Business vs Service

    In many offline industries, a conservative approach to development can be observed. Retail, medicine, education - everywhere you can trace the historical “pillars” that were formed in the middle of the 20th century. But the basis of almost any business - the need of the target audience - although not quickly, but still changing in accordance with new opportunities that change at some point in the market.

    When Sam Walton created Wallmart, the retail market was inefficient. Overpriced prices, insufficient product range - all this led to the fact that a rather simple at first glance, “algorithmic” scheme of development of network retail actually changed the market. But this success was not caused by luck alone. One of the key factors was the use of modern technologies at that time - the first mainframes - to move to a new level of automation of goods accounting and calculation of logistics.

    Similar patterns for the emergence of businesses around technological breakthroughs can be traced in almost all industries: from incandescent lamps, radio, ICE, to the invention of the tonometer.
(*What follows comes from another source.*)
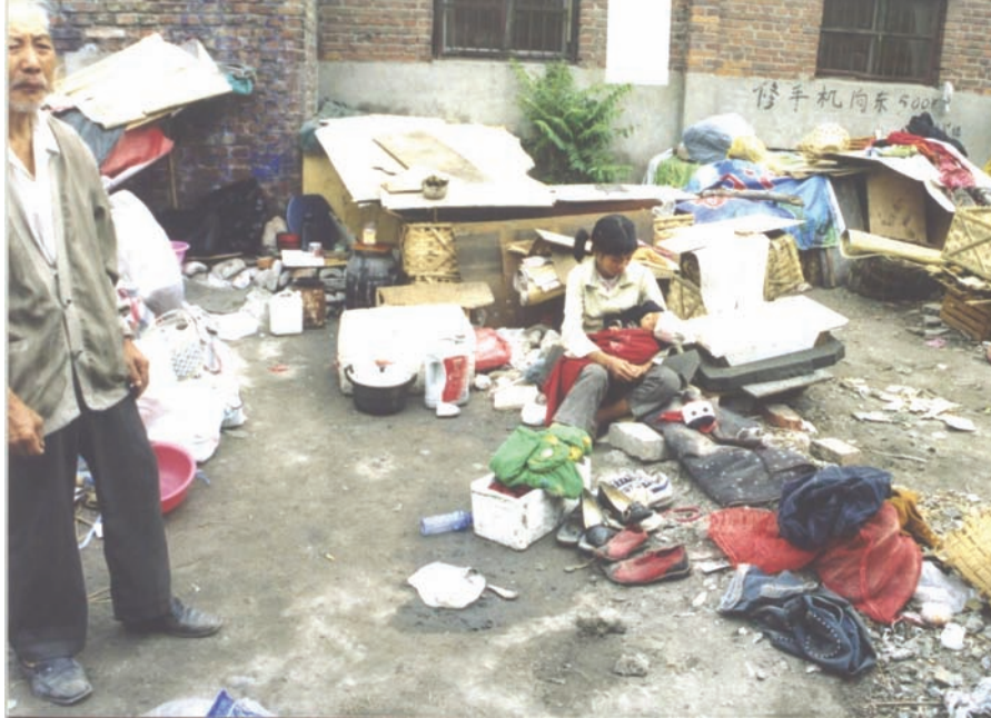
After years of futile attempts at redress, some petitioners wind up living on the streets.

Such petitioners say they suffer especially in Beijing's cold winters. A petitioner named Yang told Human Rights Watch: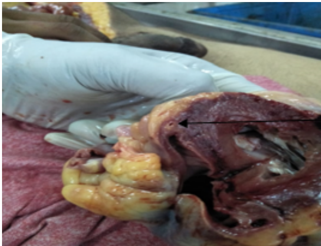
Fig. 1: Arrow point shows patent lumen with MB in LADA

Stomach and piece of small intestine with contents, pieces of liver, spleen and both kidneys and small amount of blood preserved for chemical analysis were negative for toxins or abnormal chemicals.

    The first businesses based on technological innovations primarily fulfill their task - creating sustainable demand and customer returns. The competition is weak, you can skim the cream. A recent example is electronic ink laptops, the first models of which were sold with an incredible mark-up.

    However, when competition arises in these industries - and sooner or later this happens - it becomes difficult to compete at the expense of technological advantage. There is no big difference for the client in obvious indicators - the prices are almost the same everywhere, the range of possible services is also, so how do you ensure the influx of new and retaining old customers? And at this stage, clear “business” schemes are gradually acquiring the features of a “service”, which is already based on subjective opinions about what to offer the client to enhance his “happiness”.

    Marketing, PR, branding - all these are milestones of competition, where none of the participants can offer a significantly better solution than that of a competitor. For a long time, focus groups and surveys of a potential target group were in fashion, with only one clear task - to reduce uncertainty as to where to develop the business.

    Any potential market attracts attention with future opportunities. An analysis of customer preferences is likely to be one such market. Big Data, Data Mining - these technologies can (and in some special cases, have already contributed) change the approach to the development of the sales market. Analysis of user preferences, personal loyalty programs are just some of the options for the effective use of such technologies.

    “Business”, which in many cases is simply “Service”, again becomes purely algorithmic. This phenomenon, apparently, is not good or bad, but simply a consequence of development. But new businesses that significantly change the market will be based precisely on technological breakthroughs. Just because it’s hard to come up with other things that represent opportunities for strong competitive advantages for developed businesses.